Democratic candidates Michele Rayner and Jasmen Rogers-Shaw could make history as the first Black queer women in the Florida legislature.
And both of them are fired up.
Each spoke with LGBTQ Nation about their immense love for their communities and their deep desire to fight for them.
“District 70 has needed a fighter,” said Rayner. “It has needed an advocate. There are things that have been plaguing district 70 for a long time.”
“I’m rooted in people’s stories,” said Rogers-Shaw, running in district 95, “and rooted in knowing what we can do to do the most good for the most people, and that brings a certain level of accountability to the position that we all need across the state of Florida. If [elected officials] were more accountable to the people they serve, and if they were in direct community with the people they serve, maybe we’d have some different outcomes from our legislation.”
Rogers-Shaw has spent the past few years working in political advocacy, and was also Florida’s Black/African American Outreach Director on the Elizabeth Warren for President campaign. She is also running in one of the state’s poorest districts and said her priorities are protecting unions, increasing minimum wage, expanding Medicare, as well as defending abortion access and other types of reproductive healthcare.
Rayner, a civil rights attorney, is also passionate about expanding Medicare and Medicaid, affordable housing, education equity, and improving Florida’s unemployment system.
Both candidates see their potential history-making wins as victories for all Black women.
“When Black women win, we all win,” said Rogers-Shaw, “and the more intersections we can add on that, the more we’re doing for more people. So, when Black queer women win, we all win. When Black trans women win, we all win. When Black immigrant women win, we all win. So I think it’s another step in being able to be part of a decision making body that can transform the state of Florida.”
“When one of us gets free, it opens the door for all of us to get free,” she said. “So I think it would be really special, and I think that knowing there are young women that will look up and be able to see me step into that [role] being very clear about who I am and being unashamed about who I am and knowing they are able to do whatever they want to do is what means the most to me.”
Among many other social justice cases, Rayner became known for representing the family of 28-year-old Markeis McGlockton, an unarmed Black man who was shot and killed in a parking lot by Michael Drejka. Drejka, a white man, claimed self-defense under Florida’s ‘stand your ground’ law.

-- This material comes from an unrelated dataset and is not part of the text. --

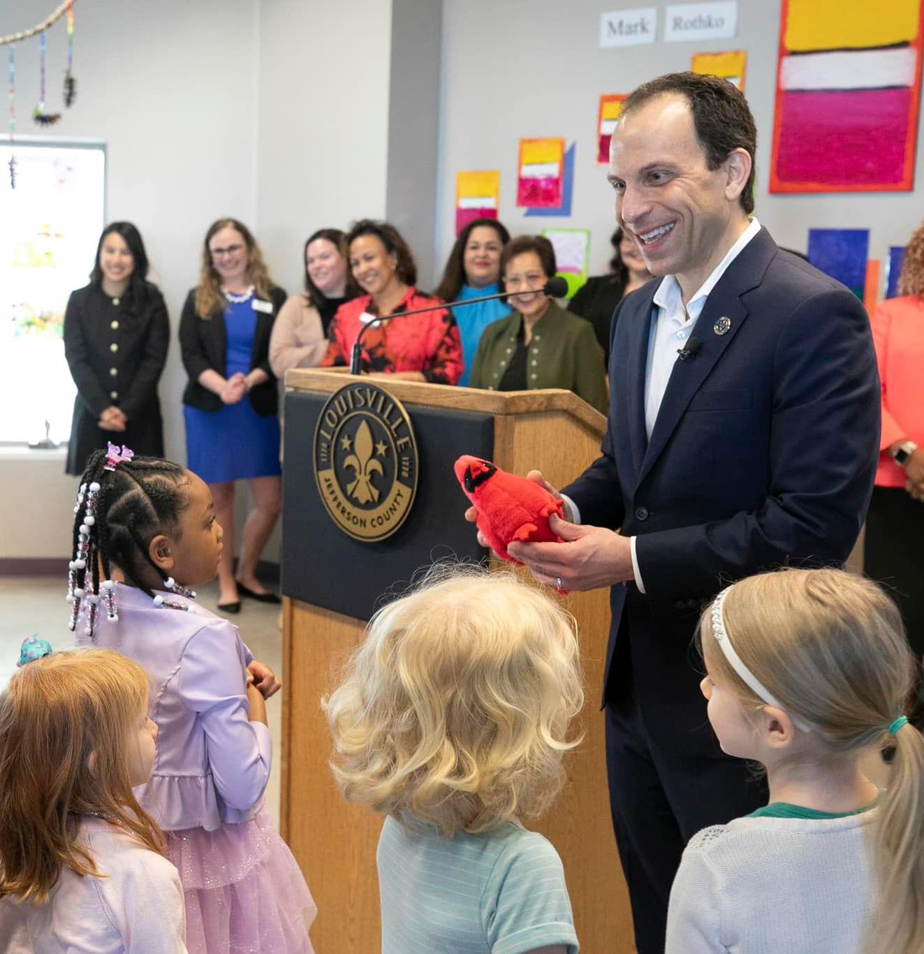 Our Early Learning Campus hosted Metro Louisville Mayor Craig Greenberg and community leaders for the launch of Thrive by 5 Louisville, a 501c3 nonprofit that will create a pathway to universal pre-k in Louisville. Early learning advocate and supporter Ashley Novak Butler will serve as board chair. Jon Lee, director of the college’s Early Childhood Research Center, served on the Mayor’s Early Learning Action Group that drove the development of the initiative. Jill Jacobi Vessels, director of the Early Learning Campus and associate professor of early childhood education, told guests, “This investment will have a tremendous impact on our city and help programs like ours train and retain highly skilled professionals, enhance our programming and prepare our young learners for success in their educational journey.”

This case, Rayner said, reminded her how significantly legislation can affect people’s day to day lives. She recalled McGlockton’s father telling her he remembered hearing arguments about ‘stand your ground,’ but he never thought it would come to his house.
“In that moment I understood how the law and the policies we write impact people’s day to day lives,” she said, “and the weightiness and the responsibility of that, so with that there’s a level of soberness I take into that. [Serving in the legislature means] understanding the privilege that you have to be able to create law, that you have to do it with people in mind, and that’s the way I practice law. I understand that whatever I do in this case, whether it’s a criminal case or a civil case, it’s impacting someone’s life, it’s their freedom, their family, their finances.”
Rogers-Shaw also has a people-centered philosophy.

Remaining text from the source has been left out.